Le drame de la conscience, c’est que, pour se former, il faut qu’elle rompe l’unité du moi. Elle s’épuise ensuite à la reconquérir, mais elle ne pourrait y arriver sans s’abolir.
La conscience, qui est un dialogue avec les autres êtres et avec le monde, commence donc par être un dialogue avec soi. Il nous faut deux yeux pour voir et deux oreilles pour entendre, comme si nous ne pouvions rien percevoir que par un jeu de deux images semblables et pourtant différentes. Bien plus, ni la vue, ni l’ouïe ne s’exercent jamais seules, mais en se référant l’une à l’autre ou bien à quelque autre sens qu’elles réveillent et qui leur ajoute. Ainsi se forme une sorte de polyphonie où toutes les voix de l’âme répondent à toutes les voix de la nature.
Il y a plus : la perception n’est jamais seule ; elle suscite toujours une idée, un souvenir, une émotion, une intention qui retentissent à leur tour sur elle et instituent en nous autant de nouveaux dialogues entre le présent et le passé, entre le passé et l’avenir, entre l’univers et l’esprit, entre ce que nous pensons et ce que nous sentons, entre ce que nous sentons et ce que nous voulons. Enfin, la conscience crée toujours un intervalle entre ce que nous sommes et ce que nous avons, entre ce que nous avons et ce que nous désirons : et elle cherche toujours à le combler sans jamais y réussir. Quand j’interroge ma sincérité, son objet est trop mobile pour qu’elle puisse jamais me satisfaire ; il est trop complexe pour qu’elle puisse l’exprimer sans l’altérer et le mutiler.

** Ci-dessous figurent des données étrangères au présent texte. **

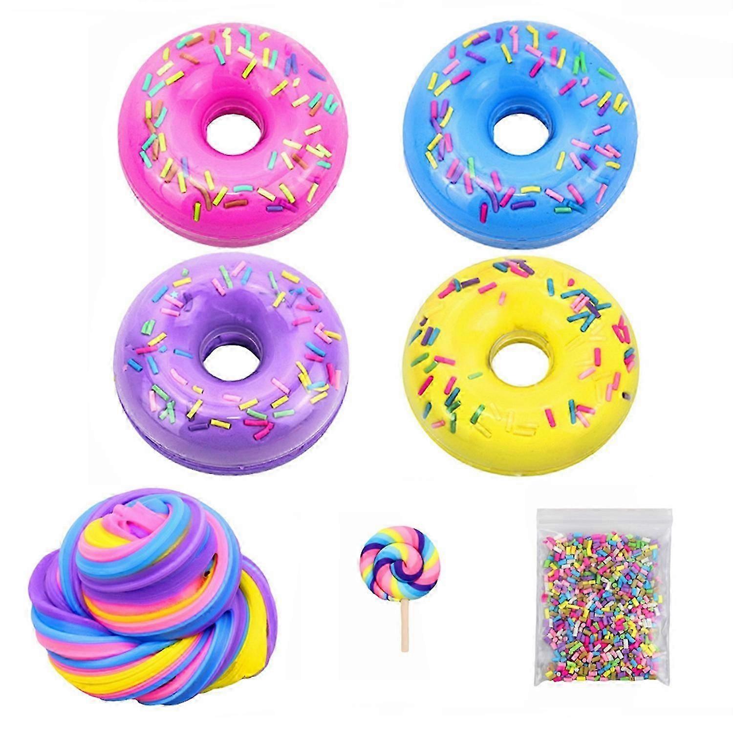 4Pcs Round Quick Recovery Clay Squeeze Toy with Lollipop Accessories Donut Candy

La difficulté d’être sincère, c’est la difficulté d’être présent à ce que l’on dit, à ce que l’on fait, avec la totalité de soi-même, qui toujours se divise et dont on ne montre que certains aspects, dont aucun n’est vrai. Mais la conscience la plus droite, au moment même où elle opte pour un parti, n’oublie point les autres : elle ne les refoule pas dans le néant et, sans se consumer pour eux en regrets stériles, elle voudrait encore en introduire, dans le parti même qu’elle prend, l’essence positive et l’originale saveur.
La logique, la morale, nous ont habitués à penser et à agir selon des alternatives, comme s’il fallait toujours dire oui ou non, sans qu’il y eût jamais de tiers parti. Mais cette méthode ne convient qu’à des âmes un peu raides et qui ne savent pas que le tiers parti n’est pas entre le oui et le non, mais dans un oui plus haut qui compose toujours l’un avec l’autre le oui et le non de l’alternative.